▶ Goal of the exercise:
One part of the entries below is wanted: the lines from the one containing "(1)干混:使粉體充分混合,固體之間的混" through the one containing "rhodiniertem 925er Sterling-Silber.". Write those out exactly and nothing else.

▶ Data for the task:
*** Begin section ***

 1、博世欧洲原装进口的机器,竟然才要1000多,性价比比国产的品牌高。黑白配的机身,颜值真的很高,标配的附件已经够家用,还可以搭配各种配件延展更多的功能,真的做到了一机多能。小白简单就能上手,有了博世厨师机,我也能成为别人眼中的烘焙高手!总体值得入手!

*** End section ***
*** Begin section ***

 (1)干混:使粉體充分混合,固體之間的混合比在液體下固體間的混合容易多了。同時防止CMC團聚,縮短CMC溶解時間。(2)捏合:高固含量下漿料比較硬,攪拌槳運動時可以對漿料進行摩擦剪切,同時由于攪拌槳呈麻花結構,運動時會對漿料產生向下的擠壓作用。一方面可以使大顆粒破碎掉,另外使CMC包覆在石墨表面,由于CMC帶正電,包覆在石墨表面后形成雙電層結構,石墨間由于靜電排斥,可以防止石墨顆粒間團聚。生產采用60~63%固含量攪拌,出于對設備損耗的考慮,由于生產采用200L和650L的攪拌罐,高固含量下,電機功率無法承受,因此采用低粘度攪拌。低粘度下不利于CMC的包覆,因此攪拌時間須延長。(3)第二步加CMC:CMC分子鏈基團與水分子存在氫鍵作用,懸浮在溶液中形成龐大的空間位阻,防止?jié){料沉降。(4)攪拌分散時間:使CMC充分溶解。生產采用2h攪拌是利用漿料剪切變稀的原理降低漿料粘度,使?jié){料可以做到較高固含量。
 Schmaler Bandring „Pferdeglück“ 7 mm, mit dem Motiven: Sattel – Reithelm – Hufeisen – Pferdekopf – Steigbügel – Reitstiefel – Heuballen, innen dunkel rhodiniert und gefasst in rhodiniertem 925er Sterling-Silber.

*** End section ***
*** Begin section ***

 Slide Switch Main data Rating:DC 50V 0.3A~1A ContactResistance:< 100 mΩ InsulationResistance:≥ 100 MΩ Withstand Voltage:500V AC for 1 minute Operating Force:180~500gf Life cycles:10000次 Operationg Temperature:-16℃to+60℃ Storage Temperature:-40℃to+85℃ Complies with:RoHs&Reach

*** End section ***

▶ Result:
 (1)干混:使粉體充分混合,固體之間的混合比在液體下固體間的混合容易多了。同時防止CMC團聚,縮短CMC溶解時間。(2)捏合:高固含量下漿料比較硬,攪拌槳運動時可以對漿料進行摩擦剪切,同時由于攪拌槳呈麻花結構,運動時會對漿料產生向下的擠壓作用。一方面可以使大顆粒破碎掉,另外使CMC包覆在石墨表面,由于CMC帶正電,包覆在石墨表面后形成雙電層結構,石墨間由于靜電排斥,可以防止石墨顆粒間團聚。生產采用60~63%固含量攪拌,出于對設備損耗的考慮,由于生產采用200L和650L的攪拌罐,高固含量下,電機功率無法承受,因此采用低粘度攪拌。低粘度下不利于CMC的包覆,因此攪拌時間須延長。(3)第二步加CMC:CMC分子鏈基團與水分子存在氫鍵作用,懸浮在溶液中形成龐大的空間位阻,防止?jié){料沉降。(4)攪拌分散時間:使CMC充分溶解。生產采用2h攪拌是利用漿料剪切變稀的原理降低漿料粘度,使?jié){料可以做到較高固含量。
 Schmaler Bandring „Pferdeglück“ 7 mm, mit dem Motiven: Sattel – Reithelm – Hufeisen – Pferdekopf – Steigbügel – Reitstiefel – Heuballen, innen dunkel rhodiniert und gefasst in rhodiniertem 925er Sterling-Silber.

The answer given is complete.